A routine week aboard the International Space Station took an unexpected turn after a medical issue involving a single crew member prompted NASA to pause a major operation and begin reassessing the timeline of its current mission.
The agency confirmed that the crew member is stable, but declined to provide further information, citing medical privacy requirements. Even so, the situation was serious enough for NASA to postpone what would have been the first spacewalk of 2026 and to begin reviewing whether Crew-11’s mission could end earlier than planned.
“Safely conducting our missions is our highest priority,” NASA said in a statement, adding that all scenarios are being actively evaluated. A further update is expected within 24 hours.
A spacewalk called off at the last moment
The delayed spacewalk had been scheduled for Thursday morning and would have sent two astronauts outside the orbiting laboratory for a six-and-a-half-hour operation focused on upgrading the station’s power system.
That operation is now on hold while NASA monitors the onboard medical situation. Officials stressed that the station itself remains safe and fully operational, but the decision underlines how crew health can rapidly reshape mission plans, even at the final stage.
A new date for the spacewalk has not yet been announced.
Who was preparing to exit the station?
Station commander Mike Fincke and flight engineer Zena Cardman were set to carry out the spacewalk.

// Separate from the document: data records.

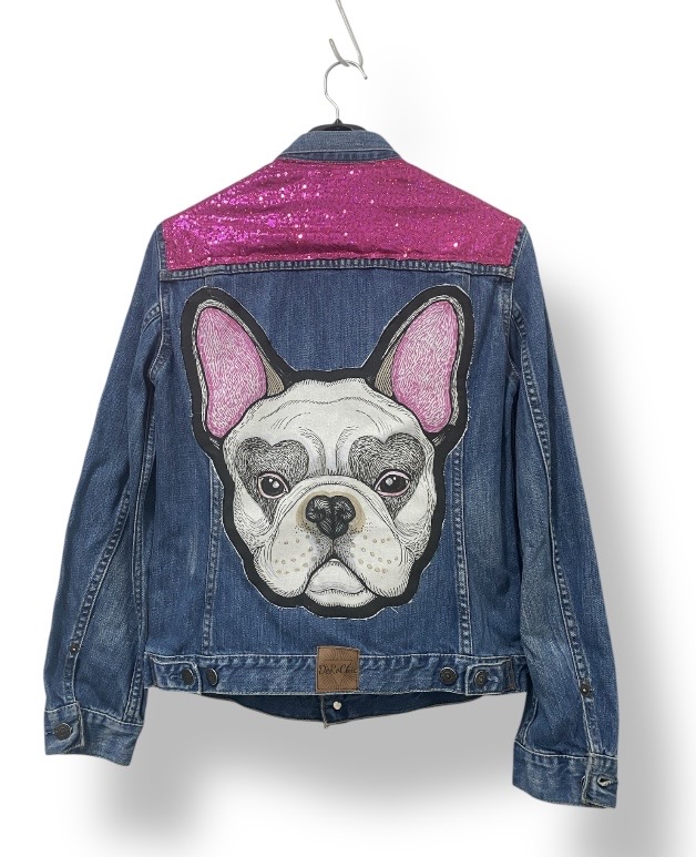En la espalda hemos bordado una ilustración de este bull dog para darle mayor personalidad , es perfecta para los que somos amantes de los animales.
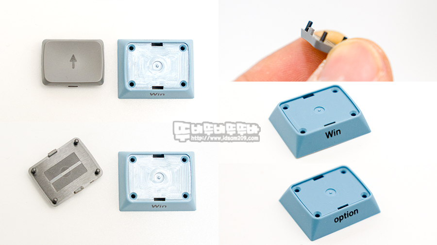 특정 키캡의 경우 DIP 스위치 옵션에 따라 키캡의 측각 인쇄 부분을 돌려 사용할 수 있게 디자인되어 플레이트 부분을 분리 시 기본으로 제공되는 전용 툴이 사용해야 키캡 결합부 손상을 최소화할 수 있으며 가급적 잦은 분리를 피하시는 게 좋을 거 같습니다.
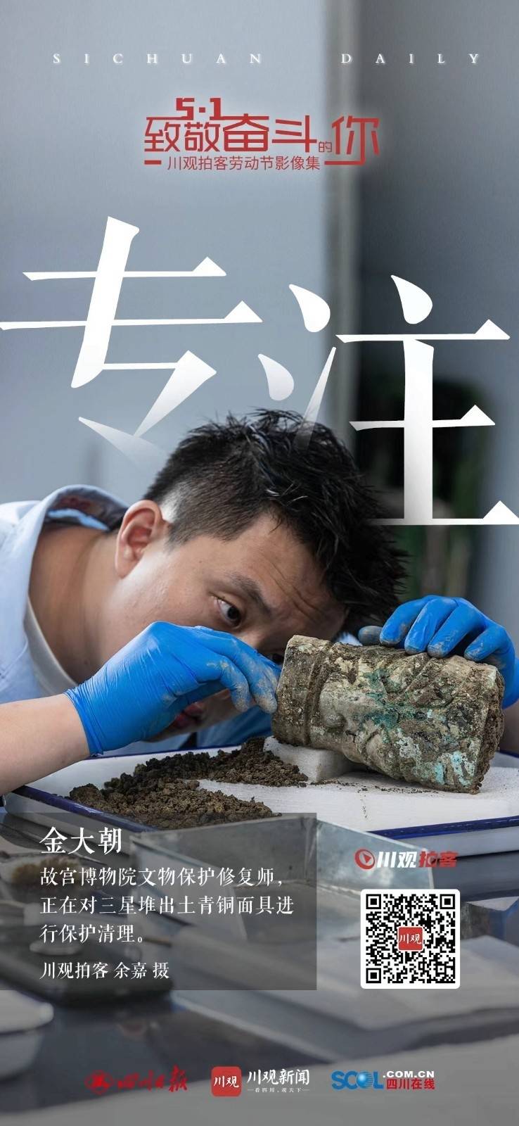 金大朝,故宫博物院文物保护修复师,正在对三星堆出土青铜面具进行保护清理。
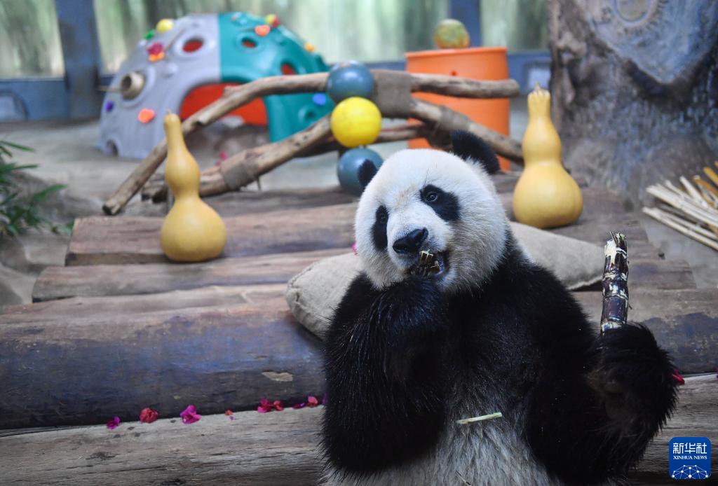 11月21日,在位于海口的海南熱帶野生動植物園,大熊貓“貢貢”享用美食。 當日,為慶祝大熊貓“貢貢”和“舜舜”來到海南三周年,位于海口的海南熱帶野生動植物園為這對熊貓兄弟準備了新玩具和竹筍、水果、胡蘿卜等美食,并組織“熊貓粉”對大熊貓進行網絡視頻直播。 新華社記者 蒲曉旭 攝
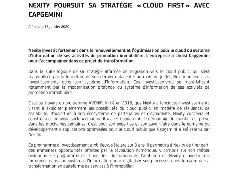 NEXITY POURSUIT SA STRATÉGIE « CLOUD FIRST » AVEC CAPGEMINI
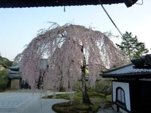 高台寺が夜間特別拝観をしてので、立ち寄ります。駐車場の桜が綺麗でした。
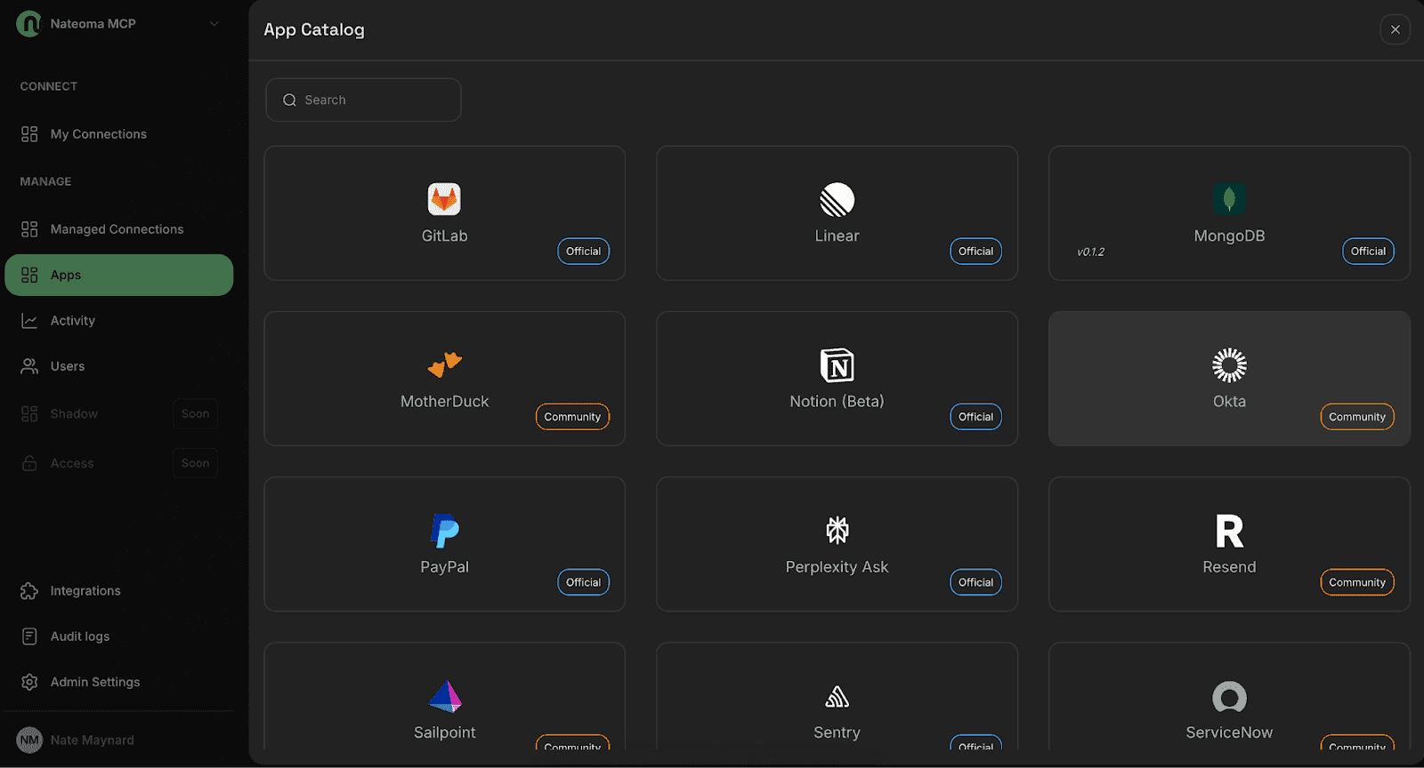 With your Okta connection established in Natoma, you can now integrate it with Claude Desktop using the Model Context Protocol (MCP). Navigate to the My Connections screen and hit the + button next to the available connections to add one for yourself.
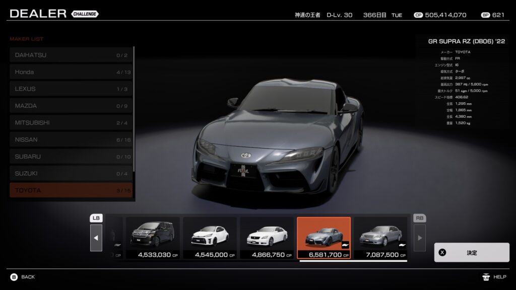 - ゲーム内での評価:『新時代のFR優等生』 日産Z(RZ34)の、最大のライバル。Zが「JDMマッスル」的なキャラクターなのに対し、スープラはより洗練された「欧州スポーツ」的な挙動を見せる。ノーマル状態での完成度が非常に高く、初心者から上級者まで、誰が乗っても速く、そして楽しめる。グリップでもドリフトでも、常にトップクラスの戦闘力を誇る。
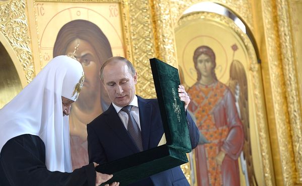Президент преподнес Патриарху икону Божией Матери конца XIX века. Предстоятель Русской Православной Церкви подарил главе государства икону святого Владимира.
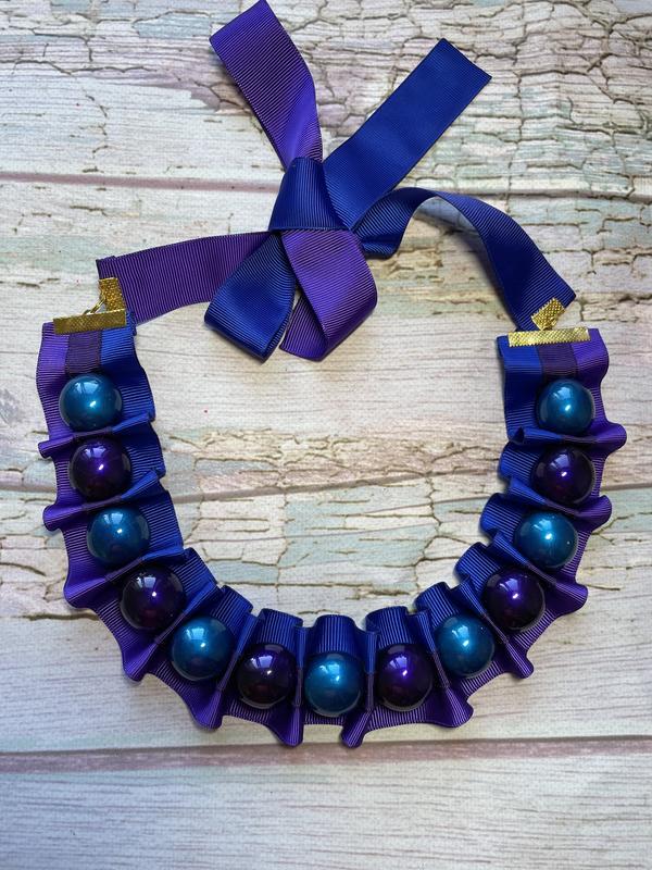 Корали с деревянными бусинами декорированы репсовой лентой. Длина ожерелья 30-40 см и дополнительно по 30-50 см ленты для завязывания.
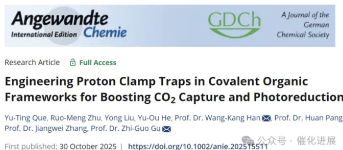文献分享丨江南大学顾志国/韩王康,最新Angew :质子钳陷阱增强COF捕获与光还原CO₂!
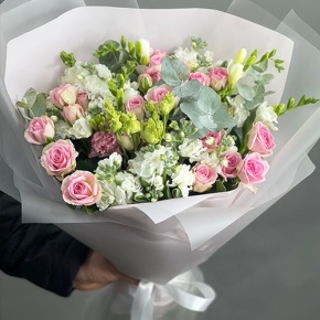 Букет "Особый случай " из ароматных маттиол, фрезий и кустовых роз
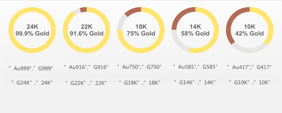 You will often find marks denoting the karat weight when it comes to gold jewelry. The karat system measures the purity of gold, which is represented by a number followed by the letter "K." For example, 24K gold is considered pure gold, while 18K gold contains 75% gold and 25% other metals. The lower the karat weight, the lesser the gold content. It's important to note that 24K gold is relatively soft and unsuitable for certain types of jewelry requiring durability.
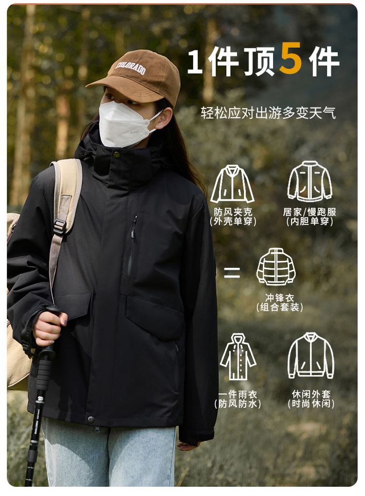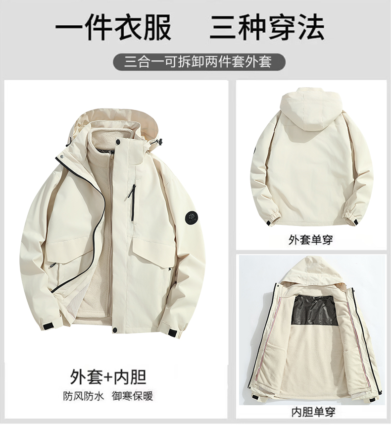 雪梵莱【男女款三合一防风衣】可拆卸三合一 (防水外壳+摇粒绒内胆) 保暖不臃肿 外套防风防雨,自由穿拆 不怕昼夜温差大!三防面料户外出行必备
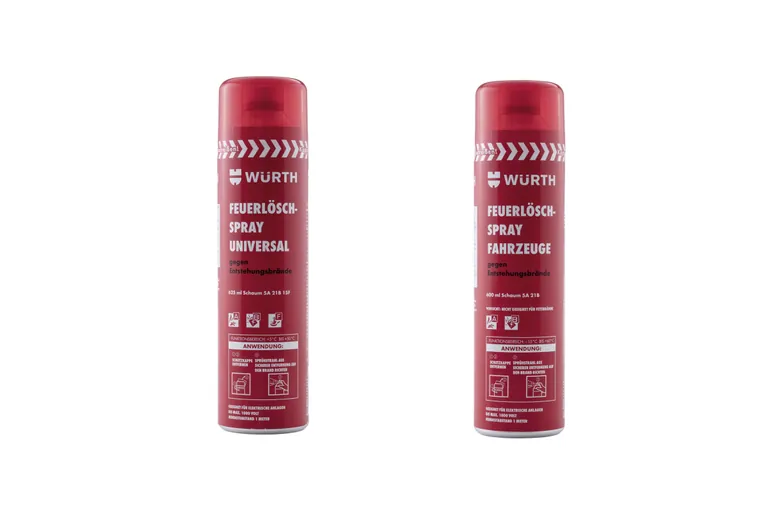 Mit dem Feuerlöschspray universal (links) und dem Feuerlöschspray Fahrzeuge lassen sich Entstehungsbrände als wirksame und zuverlässige Sofort-Maßnahme bekämpfen. – © Adolf Würth GmbH & Co. KG
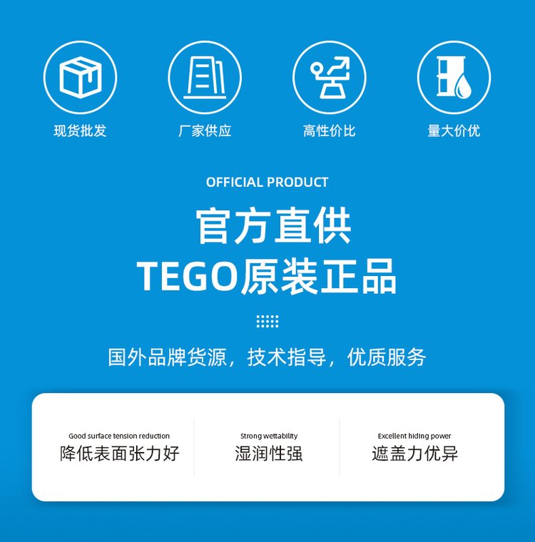 迪高TEGO Dispers 755 W是一種用于水性配方的弱陰離子型聚合物高效潤濕分散劑。適合各種類型的顏料。對有機顏料具有極佳的穩定性和降粘效果。對涂料性能影響小,因而適用于外部應用的工業和交通涂料。無溶劑。
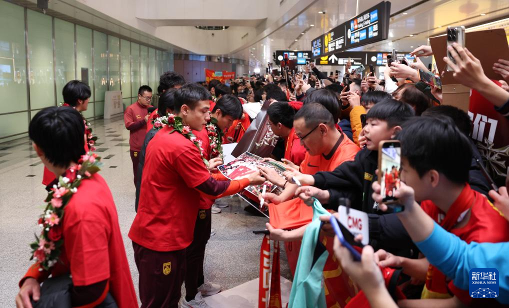 1月26日,在沙特阿拉伯奪得U23男足亞洲杯亞軍的中國隊(duì)抵達(dá)北京大興國際機(jī)場。
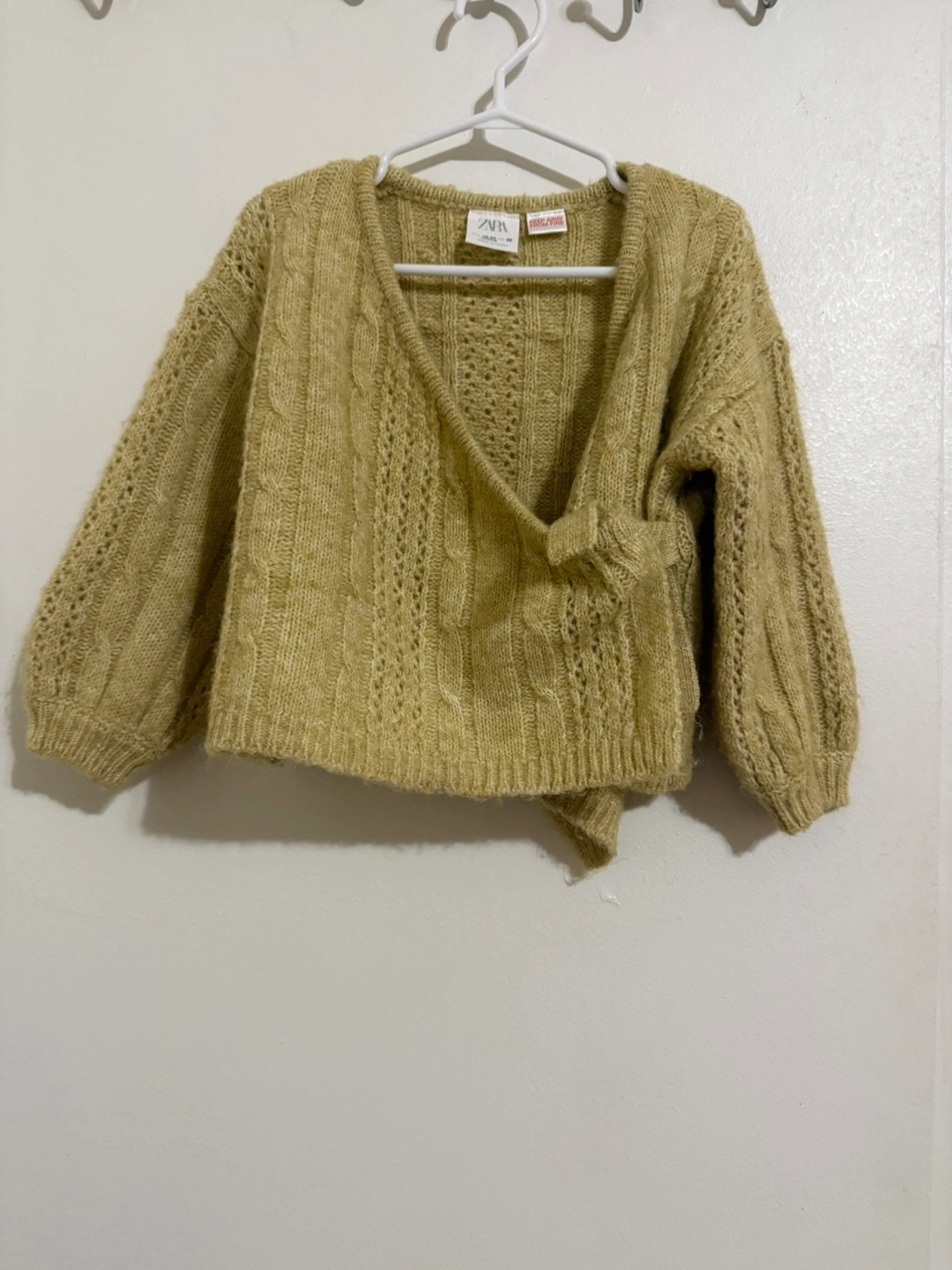 Selling a Zara knit wrap sweater.It's a lovely light yellow color and features a unique wrap design. Perfect for layering or wearing on its own!
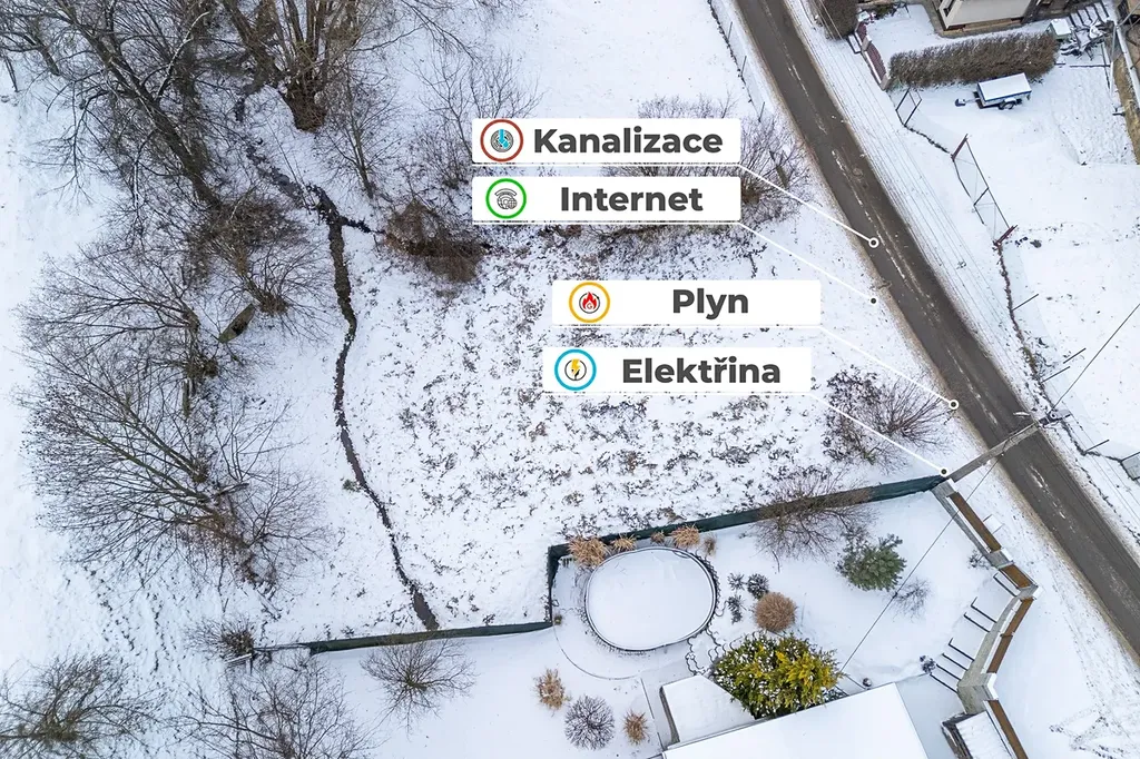 Pozemek tvoří ucelený celek o výměře 503 m² a je přístupný po obecní zpevněné komunikaci, která vede až přímo k hranici parcely. Velkou výhodou je dostupnost inženýrských sítí, které jsou dovedeny k pozemku.

Their primary task was to install hardware and route cables needed for a future roll-out solar array—an upgrade designed to ensure the ISS can continue supporting energy-hungry science experiments and visiting spacecraft. Additional objectives included electrical work, photographing external components, and collecting microorganism samples from the station’s surface.
By Wednesday, both astronauts had already staged tools inside the Quest airlock, configured their spacesuits, and completed a final readiness review with mission controllers on the ground.
Why Crew-11 is now under review
NASA said it is assessing “all options,” including whether Crew-11 should return earlier than scheduled. While early mission returns are rare, they are not unprecedented, and agencies train extensively for medical contingencies during long-duration flights.
Even when a crew member is stable, medical issues can have wider operational implications, affecting spacewalk staffing, workload distribution, and overall mission risk. Any change to Crew-11’s timeline would also ripple through future launch and rotation plans.
Research continues despite the pause
Despite the postponed spacewalk, daily research aboard the ISS has continued uninterrupted.
NASA flight engineer Chris Williams conducted physics experiments in the Destiny laboratory, testing ways to preserve cryogenic fluids and manage tank pressure—work with potential benefits for future spacecraft and advanced storage systems on Earth. Meanwhile, astronaut Kimiya Yui of JAXA worked on microbiology studies in the Kibo module, examining how ultraviolet light could be used to disinfect spacecraft surfaces.
On the Russian side of the station, cosmonauts from Roscosmos continued experiments involving artificial intelligence to transcribe crew audio logs, alongside overnight Earth-observation photography capturing images from Australia to South America.
What comes next?
For now, NASA is balancing caution with continuity. The ISS remains fully crewed, research is ongoing, and there is no indication of immediate danger. Still, the agency’s willingness to reconsider Crew-11’s mission length shows how human health remains the defining factor in spaceflight decisions, even more than schedules or hardware milestones.